Since 1961, there have been 21 other stretches where a franchise won fewer than 70 games for at least three straight years. Eight of those were expansion teams in their first three years of existence, and we probably want to separate those out. If we start the clock running on the other 13 immediately after the third straight year of fewer than 70 wins, we can see how long it took each to get to a winning record.

The median result? Half of the teams had a winning record by two years later. If the Royals’ compatriot in post-1994 futility, the Pittsburgh Pirates, parlay their 29-18 start into a winning record, then all except one will have posted a winning record by year 6. Dayton Moore is in year 7 now. The only exception was the Detroit Tigers from 1994-1996, who took a decade to get to a winning record, maxing out at 79 wins in the years that followed that rough stretch.

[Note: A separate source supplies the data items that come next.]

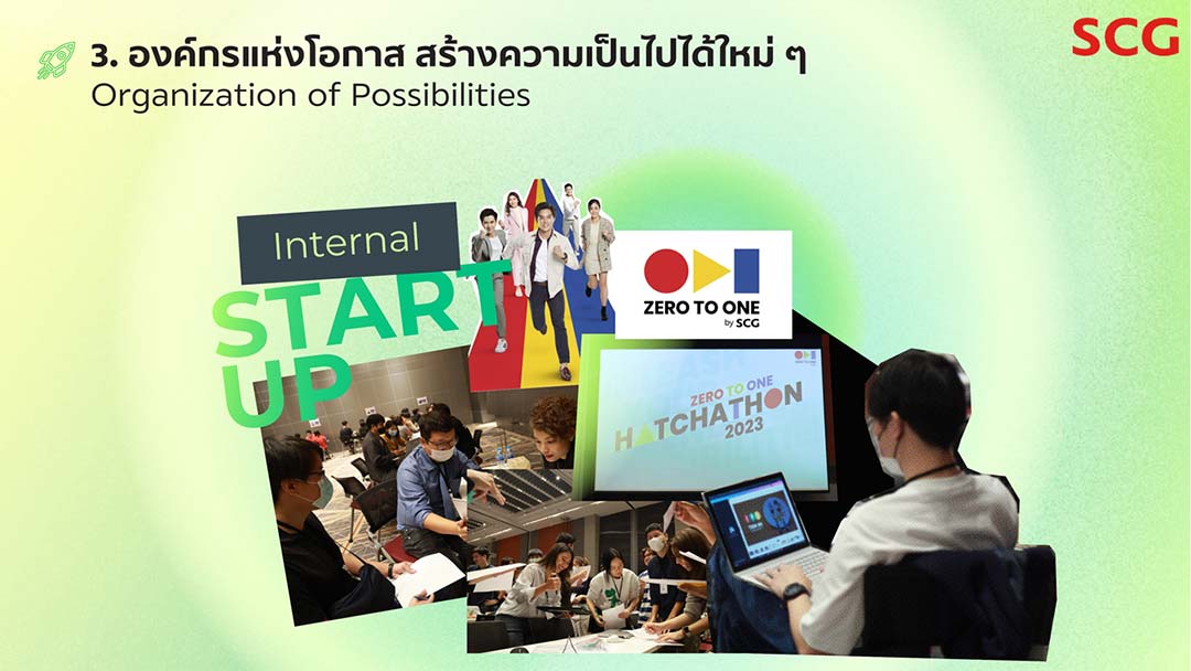 3) องค์กรแห่งโอกาส สร้างความเป็นไปได้ใหม่ ๆ (Organization of Possibilities) เปิดโอกาสให้พนักงานปล่อยแสง สร้างสรรค์นวัตกรรมและธุรกิจใหม่ ๆ ผ่านโครงการสตาร์ทอัพในเอสซีจี อาทิ พัฒนาแพลตฟอร์มสั่งซื้อสินค้าออนไลน์ ‘Prompt Plus’ ยกระดับการบริหารจัดการต้นทุนและสต๊อกสินค้าให้แก่ร้านค้ารายย่อยกว่า 10,000 รายในเครือข่ายเอสซีจี การบ่มเพาะสตาร์ทอัพในโครงการ ZERO TO ONE by SCG สร้างโอกาสให้พนักงานก้าวสู่การเป็นผู้ประกอบการ ปั้นธุรกิจศักยภาพสูงมากมาย เช่น ‘Dezpax.com’ แพลตฟอร์มออนไลน์แพคเกจจิ้ง ครบวงจรรายแรกในไทย สำหรับธุรกิจร้านอาหาร ฟู้ดเดลิเวอรี่ และคาเฟ่ ในการสร้างแพคเกจจิ้ง เป็นเอกลักษณ์ของตัวเองในจำนวนน้อย ราคาเหมาะสมกับ SMEs ซึ่งเติบโตกว่าร้อยละ 300 ในช่วง 3 ปีที่ผ่านมา เป็นที่ยอมรับจากผู้ประกอบการกว่า 10,000 รายทั่วประเทศ และ ‘Urbanice’ แพลตฟอร์มสื่อสาร บริหารจัดการ สำหรับชุมชนที่อยู่อาศัยอย่างคอนโดมิเนียมและหมู่บ้าน เพื่อการอยู่อาศัยแบบสมาร์ท สะดวก และมีความสุข มีผู้ใช้งานกว่า 250,000 คน ใน 850 โครงการทั่วประเทศ ตลอดจนสนับสนุนให้พนักงานพัฒนาธุรกิจใหม่ ๆ ตอบเทรนด์อนาคต ซึ่งได้รับความสนใจจากนักลงทุนภายนอกเอสซีจี เช่น ‘NocNoc’ ศูนย์รวมสินค้าและบริการเรื่องบ้านออนไลน์ ที่กำลังขยายธุรกิจทั้งในไทยและอาเซียน
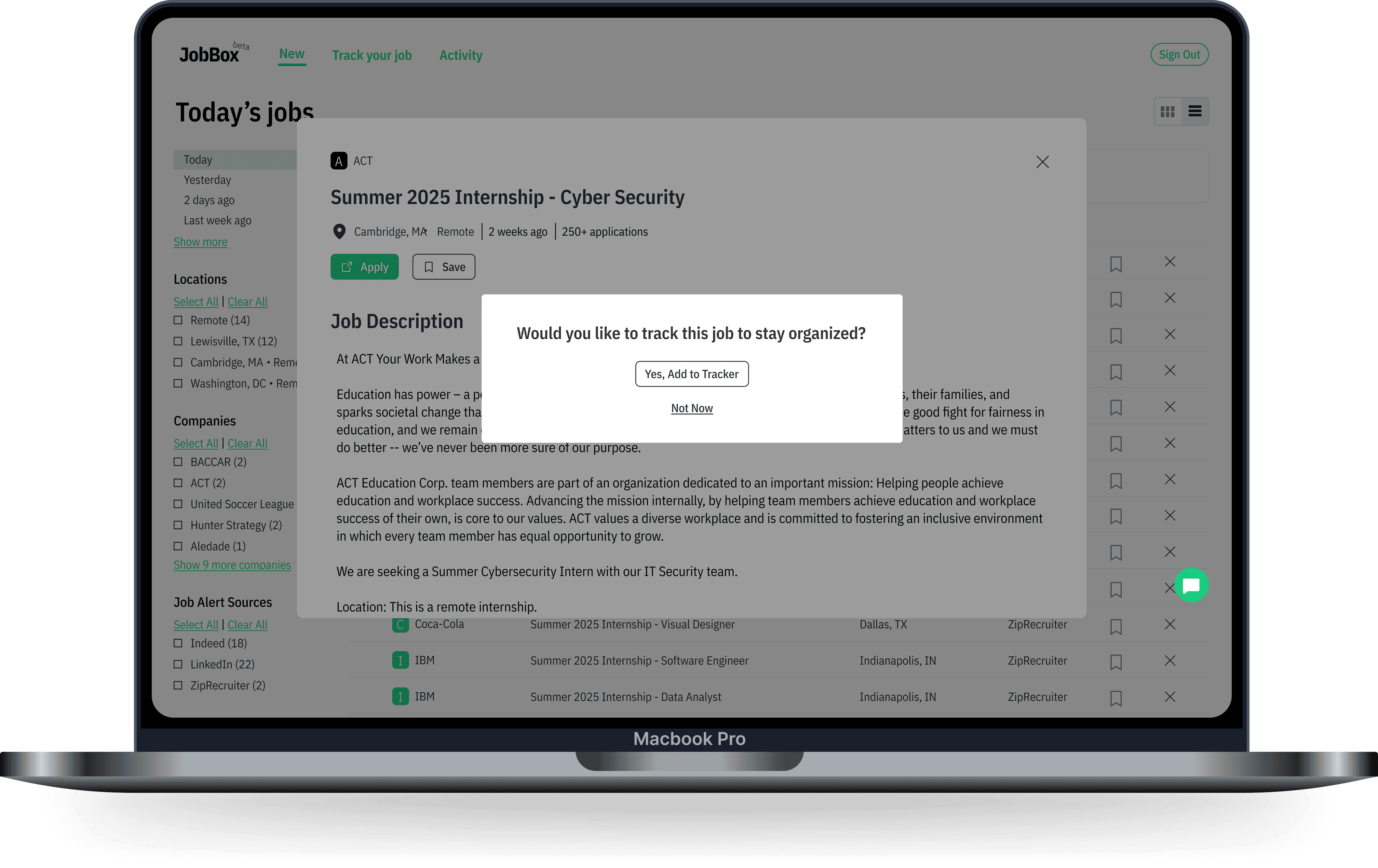When a user clicks a job, they see the full description. Crucially, a proactive pop-up appears asking, "Would you like to track this job to stay organized?" This solves the problem of manual tracking by creating an immediate and simple call-to-action (CTA), making it impossible to forget to add the job later.
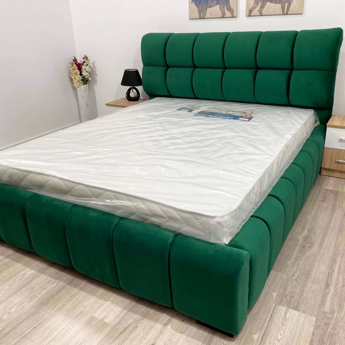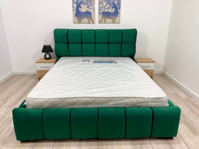 Pat Tapitat, pentru Saltea de 140x200cm, Material Buclat, Verde - model ENZO - cu Somiera Fixa
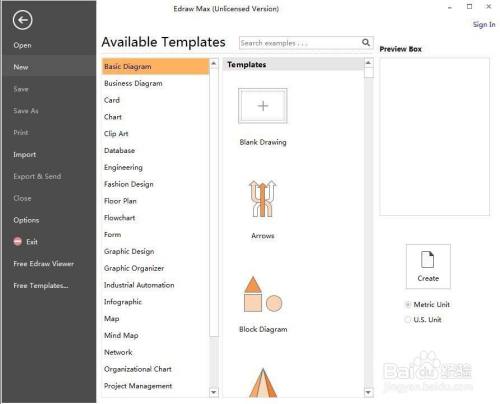 打开Edraw max,进入工作界面;
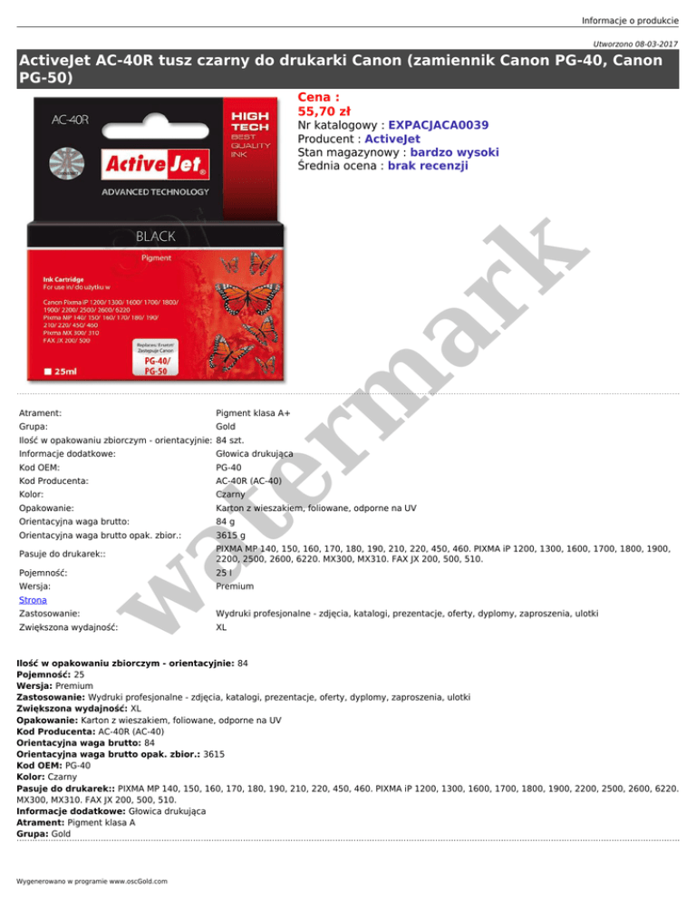 Informacje o produkcie Utworzono 08-03-2017 ActiveJet AC-40R tusz czarny do drukarki Canon (zamiennik Canon PG-40, Canon PG-50) Cena : 55,70 zł Atrament: er m ar k Nr katalogowy : EXPACJACA0039 Producent : ActiveJet Stan magazynowy : bardzo wysoki Średnia ocena : brak recenzji Pigment klasa A+ Grupa: Gold Ilość w opakowaniu zbiorczym - orientacyjnie: 84 szt. Informacje dodatkowe: Kod OEM: Głowica drukująca PG-40 Kod Producenta: AC-40R (AC-40) Kolor: Czarny Opakowanie: Karton z wieszakiem, foliowane, odporne na UV 84 g at Orientacyjna waga brutto: Orientacyjna waga brutto opak. zbior.: 3615 g Pasuje do drukarek:: PIXMA MP 140, 150, 160, 170, 180, 190, 210, 220, 450, 460. PIXMA iP 1200, 1300, 1600, 1700, 1800, 1900, 2200, 2500, 2600, 6220. MX300, MX310. FAX JX 200, 500, 510. Pojemność: Strona 25 l Premium w Wersja: Zastosowanie: Wydruki profesjonalne - zdjęcia, katalogi, prezentacje, oferty, dyplomy, zaproszenia, ulotki Zwiększona wydajność: XL Ilość w opakowaniu zbiorczym - orientacyjnie: 84 Pojemność: 25 Wersja: Premium Zastosowanie: Wydruki profesjonalne - zdjęcia, katalogi, prezentacje, oferty, dyplomy, zaproszenia, ulotki Zwiększona wydajność: XL Opakowanie: Karton z wieszakiem, foliowane, odporne na UV Kod Producenta: AC-40R (AC-40) Orientacyjna waga brutto: 84 Orientacyjna waga brutto opak. zbior.: 3615 Kod OEM: PG-40 Kolor: Czarny Pasuje do drukarek:: PIXMA MP 140, 150, 160, 170, 180, 190, 210, 220, 450, 460. PIXMA iP 1200, 1300, 1600, 1700, 1800, 1900, 2200, 2500, 2600, 6220. MX300, MX310. FAX JX 200, 500, 510. Informacje dodatkowe: Głowica drukująca Atrament: Pigment klasa A Grupa: Gold Wygenerowano w programie www.oscGold.com

Kansas City’s high, meanwhile, is 75 wins in the Dayton Moore era, and that came in year one, when his development and input would have had less impact than six years later. That’s the lowest of any of the previously existing franchises.

What if we compare the Royals to the expansion teams? Kansas City’s farm system was in rough shape, no doubt, but certainly, between the existing roster and farm system, was at least better off than your typical expansion team that struggled out of the gate. All of the expansion teams that won fewer than 70 games in each of their first three years took time to get going. Toronto was the earliest to post a winning record, four years later. Kansas City fans are a patient lot, and I think four years would have been a very positive outcome to produce a winner in Kansas City when Dayton Moore took over. Doable, but aggressive.

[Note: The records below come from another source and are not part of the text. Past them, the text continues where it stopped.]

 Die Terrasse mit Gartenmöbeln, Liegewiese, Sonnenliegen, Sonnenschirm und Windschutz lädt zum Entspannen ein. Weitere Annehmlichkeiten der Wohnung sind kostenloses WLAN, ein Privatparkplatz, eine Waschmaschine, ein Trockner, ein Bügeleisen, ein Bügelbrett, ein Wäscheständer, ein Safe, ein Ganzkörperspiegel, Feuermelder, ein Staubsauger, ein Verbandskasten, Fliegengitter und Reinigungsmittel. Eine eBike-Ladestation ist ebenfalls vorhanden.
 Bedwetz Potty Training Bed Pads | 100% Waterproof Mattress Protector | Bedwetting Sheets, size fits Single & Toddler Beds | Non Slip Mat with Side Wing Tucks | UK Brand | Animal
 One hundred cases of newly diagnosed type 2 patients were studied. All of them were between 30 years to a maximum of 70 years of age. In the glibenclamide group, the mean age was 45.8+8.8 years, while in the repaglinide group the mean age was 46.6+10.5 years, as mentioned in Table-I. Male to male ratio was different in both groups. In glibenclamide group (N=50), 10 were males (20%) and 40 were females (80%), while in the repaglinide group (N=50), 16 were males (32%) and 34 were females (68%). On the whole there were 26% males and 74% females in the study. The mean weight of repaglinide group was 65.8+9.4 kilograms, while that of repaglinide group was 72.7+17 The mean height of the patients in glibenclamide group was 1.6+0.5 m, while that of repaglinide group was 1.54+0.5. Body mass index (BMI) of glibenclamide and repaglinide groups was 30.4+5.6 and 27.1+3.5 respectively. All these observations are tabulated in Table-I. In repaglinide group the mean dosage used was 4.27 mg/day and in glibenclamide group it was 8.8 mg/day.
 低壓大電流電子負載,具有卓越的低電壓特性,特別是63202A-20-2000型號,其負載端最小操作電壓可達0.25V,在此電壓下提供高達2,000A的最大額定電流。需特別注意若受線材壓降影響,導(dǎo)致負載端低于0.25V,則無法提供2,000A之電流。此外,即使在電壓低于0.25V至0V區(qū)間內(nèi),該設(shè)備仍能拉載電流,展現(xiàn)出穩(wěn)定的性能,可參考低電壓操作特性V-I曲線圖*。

The median time to a winning record for our expansion teams that struggled early? Year seven. That’s right, this year for the Dayton Moore era. Only one went past year eight. That, of course, is those Seattle Mariners of my youth. Even compared to expansion teams starting from scratch and trying to build up, the Dayton Moore era Royals compare, at best, as a slightly below average team.

So the Royals front office wants to again preach patience. Meanwhile, they went with a slogan of “Our Time” last year, and went out and traded for James Shields this offseason. Shields has been fine, but has a 2-5 win-loss record despite a 2.49 ERA because the offense is dreadful. The issue with the trade is that–like when the Oakland Raiders traded picks for Richard Seymour to the Patriots, the team not as close to winning traded the future for the present. Shields will be long gone from KC and a GM preaching patience sure didn’t act like it.

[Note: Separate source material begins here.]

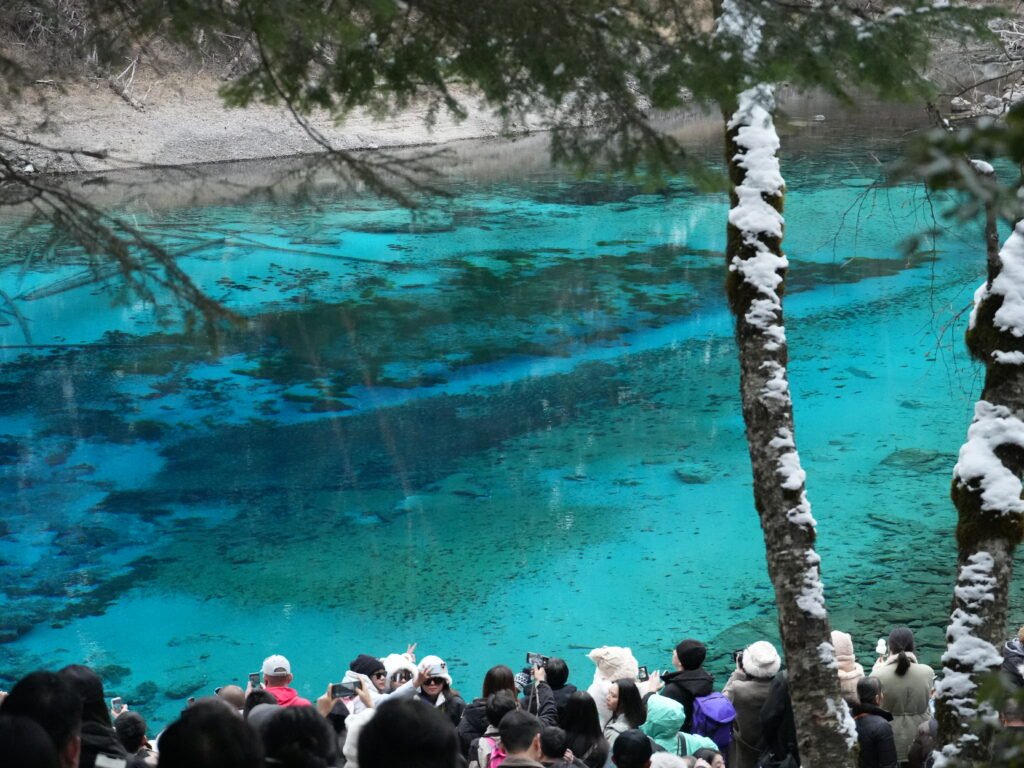By the time I was going from the Long Lake, it was already 3-4-ish PM and I continued my journey to the Five Coloured Pool. Despite its name, I only saw a blue-ish coloured lake. But I was still in awe, once again. It was probably the bluest lake I’ve ever seen. I spent another good amount of time there. While me and other visitors were there, there was a snowfall. I’ve seen snow before coming to China—while I was in India—but it was the first time I saw a snowfall. It was beautiful.

Meanwhile, the heart of this team is still Alex Gordon and Billy Butler, two players who preceded the Moore era. Gordon has been great again, but is largely wasted. Meanwhile, there are four batters in the lineup with an OPS under .620. Two of them are Moore favorites who inexplicably keep getting opportunities year after year; two were supposed building blocks for the future. Chris Getz, with his .586 OPS, led off the game last night. Jeff Francouer was so good that Wil Myers was expendable, and again is the worst right fielder in the league (.259 on base percentage, .321 slugging). Mike Moustakas is struggling mightily, and Alcides Escobar has predictably regressed as a hitter after a surprising season, though the issue there is hitting him 2nd. I didn’t even get to Eric Hosmer, who has been a disappointment so far, but isn’t even near those others in terms of struggles.

So the Royals are seven years in. Maybe they bounce back this year. There are still no homegrown pitchers to build for the future already at the majors, and the draft picks have been underwhelming. The only thing present, seven years in, is still hope and promise.

At some point, the Royals need to actually be less patient. That doesn’t mean trading for re-treads in win now mode. It does mean not tolerating undetermined promises of the future, when the present has already underwhelmed what even the most underachieving of expansion franchises accomplished.